Write out exactly every line from the one containing "Majority MPs voting" through the final line of the material below, both included. Pictures are to be skipped.

##### SOURCE MATERIAL

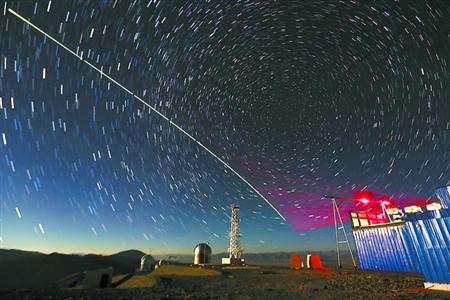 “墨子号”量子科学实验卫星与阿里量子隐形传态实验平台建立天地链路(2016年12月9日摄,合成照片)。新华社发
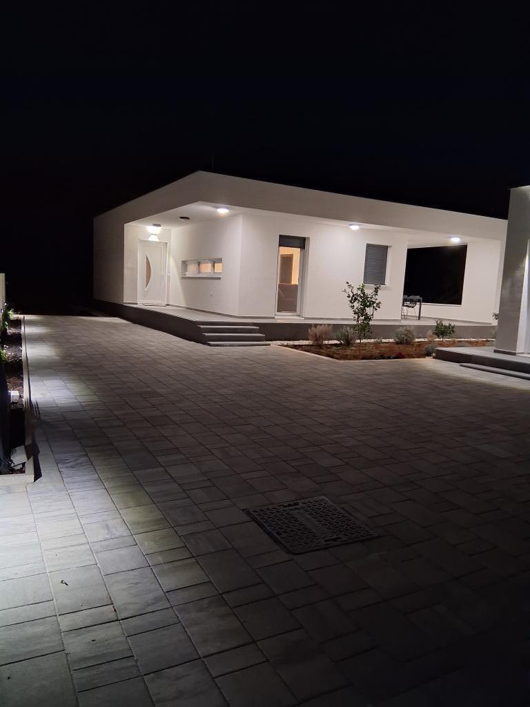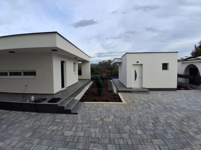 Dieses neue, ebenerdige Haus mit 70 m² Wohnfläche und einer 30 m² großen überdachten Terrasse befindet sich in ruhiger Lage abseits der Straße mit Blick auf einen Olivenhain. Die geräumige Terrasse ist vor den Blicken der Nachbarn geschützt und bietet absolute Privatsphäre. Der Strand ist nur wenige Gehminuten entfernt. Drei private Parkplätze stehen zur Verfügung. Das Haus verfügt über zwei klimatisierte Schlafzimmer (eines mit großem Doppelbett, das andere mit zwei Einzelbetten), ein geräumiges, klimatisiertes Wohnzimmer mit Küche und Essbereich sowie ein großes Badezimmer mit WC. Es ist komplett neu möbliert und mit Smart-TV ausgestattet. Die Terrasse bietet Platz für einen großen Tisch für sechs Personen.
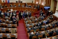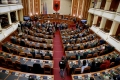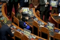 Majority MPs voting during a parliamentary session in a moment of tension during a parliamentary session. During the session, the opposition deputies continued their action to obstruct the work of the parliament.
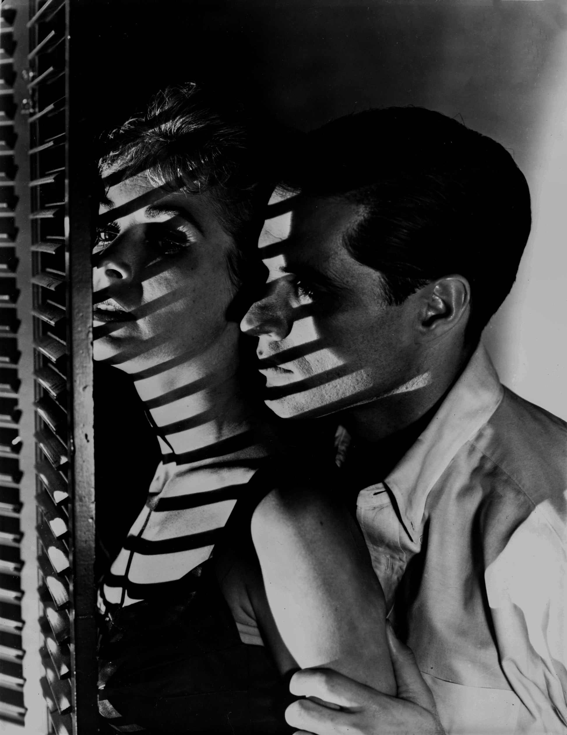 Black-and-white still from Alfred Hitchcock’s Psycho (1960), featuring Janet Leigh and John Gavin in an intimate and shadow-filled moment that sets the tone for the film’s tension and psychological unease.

##########

__OUTPUT FOR THIS EXERCISE__:
 Majority MPs voting during a parliamentary session in a moment of tension during a parliamentary session. During the session, the opposition deputies continued their action to obstruct the work of the parliament.
 Black-and-white still from Alfred Hitchcock’s Psycho (1960), featuring Janet Leigh and John Gavin in an intimate and shadow-filled moment that sets the tone for the film’s tension and psychological unease.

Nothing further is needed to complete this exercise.